Many socially-minded investors express their ESG preferences by divesting in firms whose practises they do not agree with. But engaging with listed companies as shareholders has enormous, and under-appreciated, potential to change the way companies do business. Our panellists will describe the power that investors can have when they collaborate on key issues, in both active and passive portfolios.

This webinar was hosted by our Lead Expert Jamie Broderick who spoke to Sacha Sadan, Director of Investment Stewardship at Legal & General Investment Management and Edward Mason, Director of Engagement and Impact Reporting at Generation Investment Management, and former Head of Responsible Investment for the Church Commissioners, the financial arm of the Church of England and Catherine Howarth, Chief Executive of ShareAction.

Key messages from the discussion

  • Engagement creates real impact, which is backed up by academic studies. Organisations such as Climate Action were set-up based on that evidence.
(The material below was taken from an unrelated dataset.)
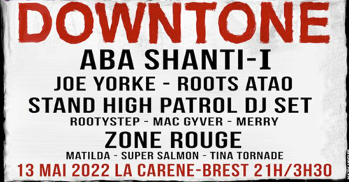 « DownTone » c’est la résidence de Stand High Patrol à la Carène. Une soirée qui invite à décloisonner les styles en proposant deux dancefloors et où se côtoient Dub, Reggae, Roots, musiques électroniques et bien plus !
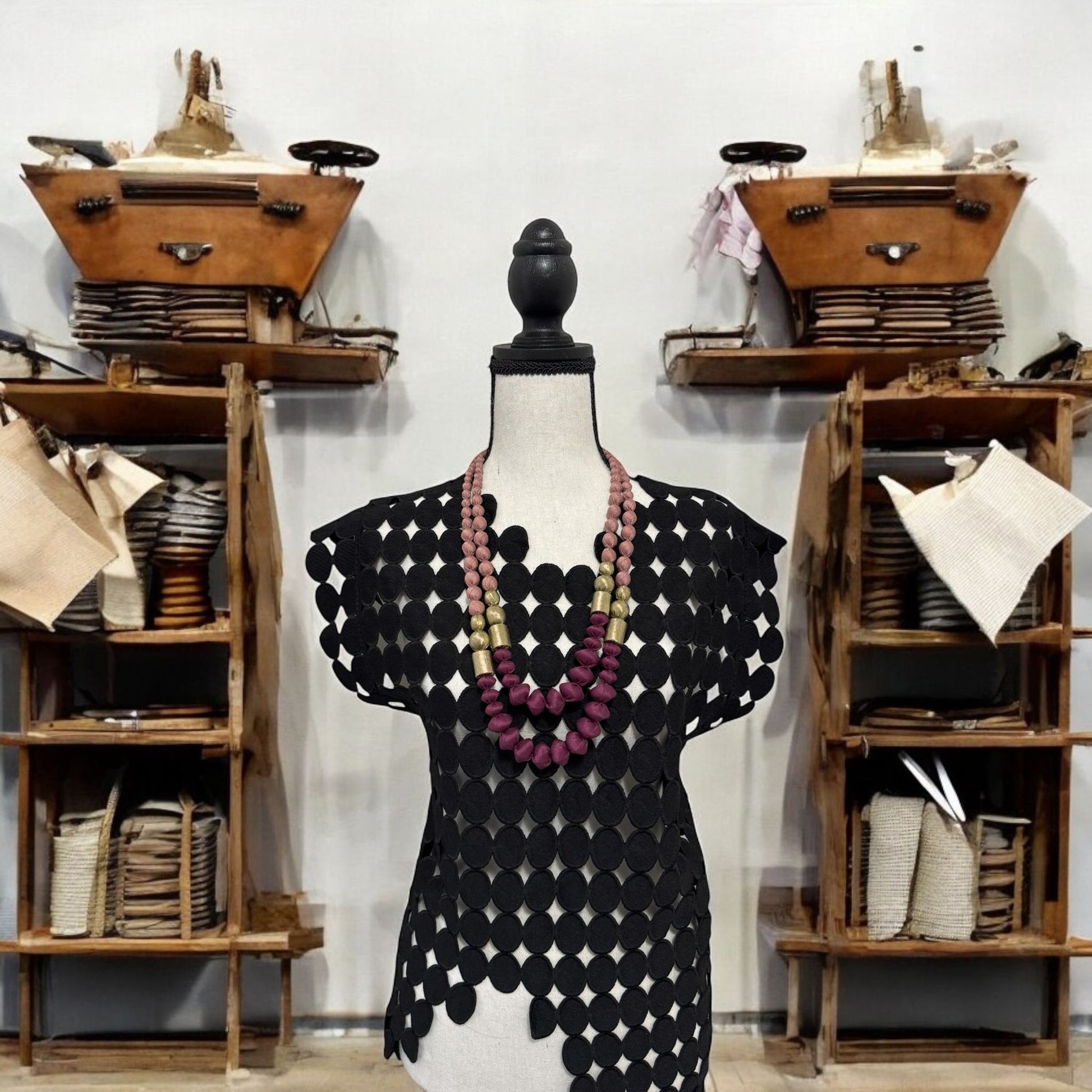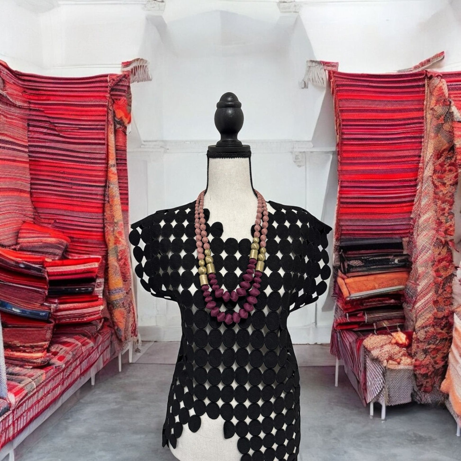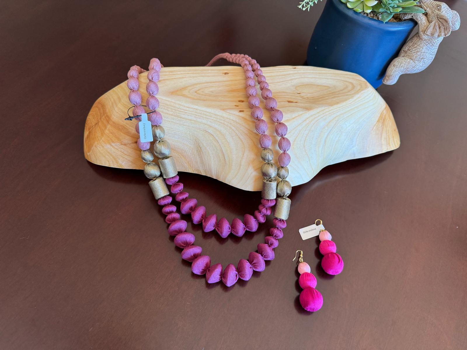 This vibrant necklace features layers of colorful, interwoven textile strands, creating a captivating and unique design. The rich palette of colors and varying lengths add depth and dimension, making it a striking statement piece. Perfect for both casual and formal outfits, this necklace brings a playful yet sophisticated touch to any ensemble.

All over the world, shareholders are having highly relevant discussions with companies around climate change, their workforce, human rights, and diversity. And those conversations have measurable impact.
  • There is no one size fits all approach to shareholder engagement. You do not have to decide between engagement or divestment. Instead, shareholders should take a flexible approach that can include an individual or collaborative dialogue with company directors, monitoring a company’s practices and asserting pressure where necessary, or public campaigning.
  • Greenwashing, social washing and impact attribution are complex issues, but they can be addressed. It is important to look beyond annual reports and other external communications efforts by companies. Shareholders, especially large asset owners and managers, can seek external support to examine the actual positive and negative impact companies have on people and the planet.
  • Measuring the success of engagement is not always straightforward. While asset owners and managers should take credit when they have direct impact, shareholders should stay focused on the bigger picture when pursuing collaborative efforts.